The first thing that they got right this time around was the casting. Andrew Garfield is a lot better as a leaner, more charmingly awkward version of Peter Parker, and Emma Stone is so adorable as Gwen Stacy that she makes baby panda bears blush. The only way she could have been cuter was if there had been a scene where she walked over a rainbow holding hands with a kitten. Rhys Ifans is… interesting. Not great, just solid. You can see the pain in his eyes, and the conflict, even though it was poorly written. And put against the original trilogy’s Willem Defoe, Alfred Molina, Thomas Haden Church and Topher Grace – whom we really shouldn’t take about – he looks like the greatest thing to ever happen to cinema ever. Like, ever.
I should mention that the casting is good if we ignore the fact that Peter Parker is meant to be seventeen years old and Andrew Garfield looks like thirty.
The writing was.. solid. And by that, I mean that I guess everything made sense, and if things didn’t then they were in forgivable ways. Not like how in ‘Air Force One’ when the guys are infiltrating the building they wear black to go undetected… but use white parachutes. But other than that it’s all pretty bland. There are moments of humor, but they are generally of the physical variety. There are a couple of funny lines but you already saw them in the trailer. For a playful, sarcastic superhero like ‘Spider-Man’, there really ought to have been more. And Garfield delivers the ones he gets really well, so it’s a shame he wasn’t given more. Well, apart from the time he was required to taunt Ifans with “who’s been a naughty lizard?” That was particularly painful. But I don’t think Lawrence Oliver in his prime could have worked with writing that weak.
That said, as solid as the writing was, there were moments of unmistakeable mediocrity. For example, the whole “with great power comes great responsibility” arc of the story was undeniably and unequivocally handled far worse in ‘The Amazing Spide-Man’ than it was in Sam Raimi’s ‘Spider-Man’.

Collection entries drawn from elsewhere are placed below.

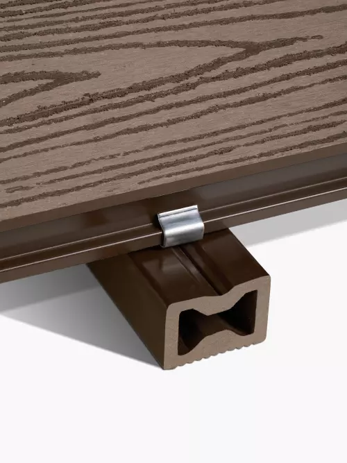 Стартовый кляймер (крепеж) используется для крепления первой и последней террасной доски к лагам с помощью саморезов. Он позволяет выполнить скрытый монтаж настила без видимых элементов крепежа. Благодаря этому терраса приобретает аккуратный, эстетичный и цельный внешний вид.
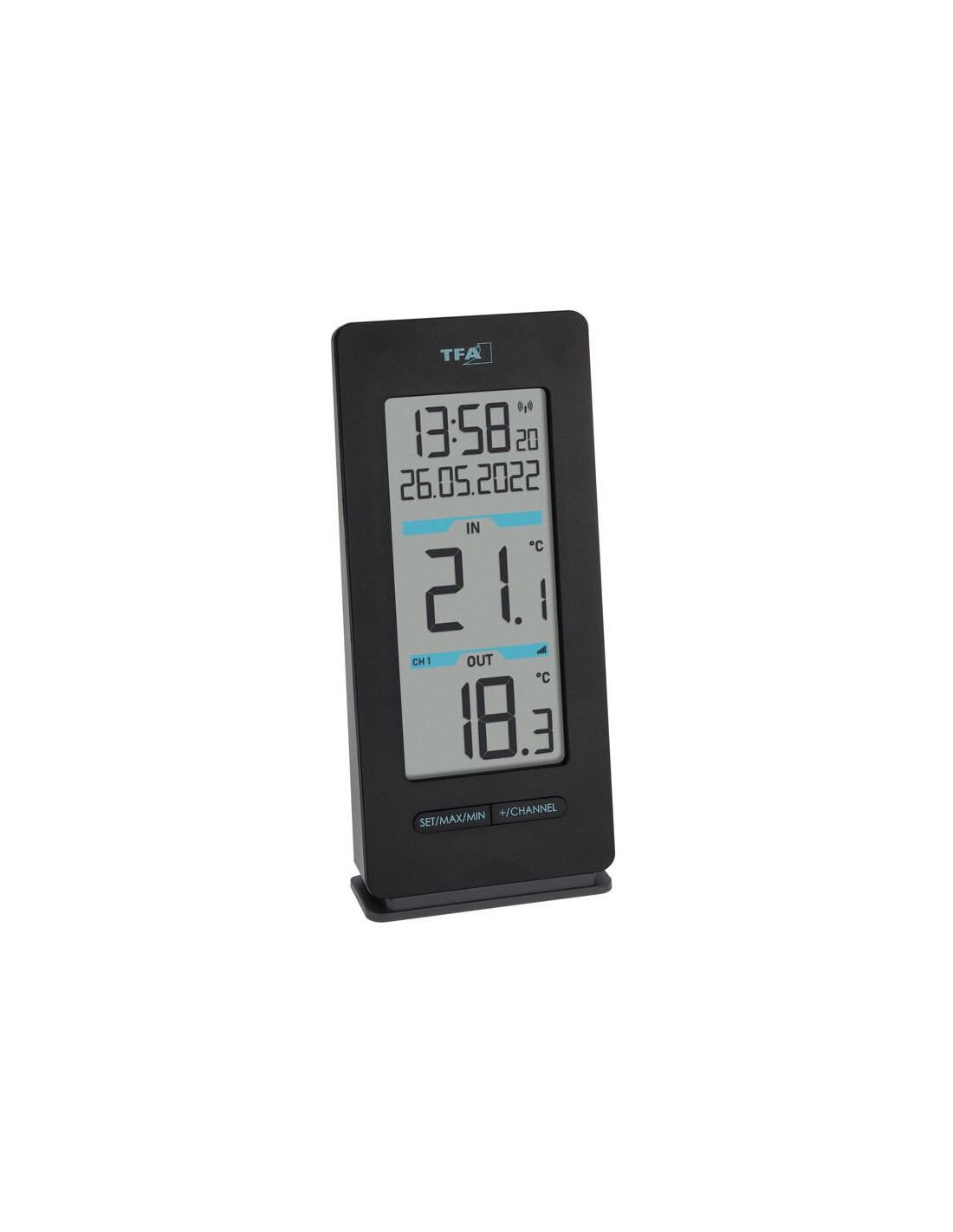 TFA-Dostmann 30.3072.01. Utilizar con: Interior / exterior, Tipo de visualizador: Digital, Color del producto: Negro, Blanco. Unidad de medida de temperatura: °C, Rango de medición de la temperatura: -40 - 60 °C, Tipo de reloj: Digital. Fuente de energía: Batería, Voltaje de la pila: 1,5 V. Ancho: 30 mm, Profundidad: 69 mm, Altura: 150 mm
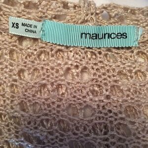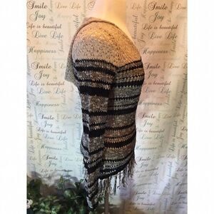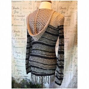 Lightweight, loosely knit hooded top. Tan and black striped, long sleeve, fringed top. Great as a cover up or with a tank top

Director Marc Webb had his break with the unconventional romantic comedy ’500 Days of Summer’, and it shows here. There are some cutesy, awkward moments, where Parker and Gwen Stacy start to develop and show their feelings for one another. I can’t recall if the writing was any good here though, as I was too busy lying upside down in my seat drooling on myself over how sweet Emma Stone was.
The action in the movie is surprisingly good. Surprisingly only because Webb has little history in this medium and he handles it brilliantly. I imagine there is a lot of pressure filming stuff like this and that the intricacies required to execute perfectly are not lessons that you can learn when your filmography contains a Joseph Gordon Levitt comedy and a Jesse McCartney music video. The fight scenes in particular between ‘Spider-Man’ and the Lizard in the school are fantastic. Really exciting, as the Lizard is relentlessly and unmercifully ferocious and much of the time ‘Spidey’ is just trying to get away from him. There’s a genuine sense of danger for our hero even if we know deep down that nothing will ever really happen to him.
All in all I felt that ‘The Amazing Spider-Man’ was a decent film. Not bad but not great. Somewhere in between ‘The Avengers’ (good) and ‘Prometheus’ (I hate you Ridley Scott). But once the dust has settled on the summer, I highly doubt it will be anywhere near the benchmark: ‘The Dark Knight Rises’.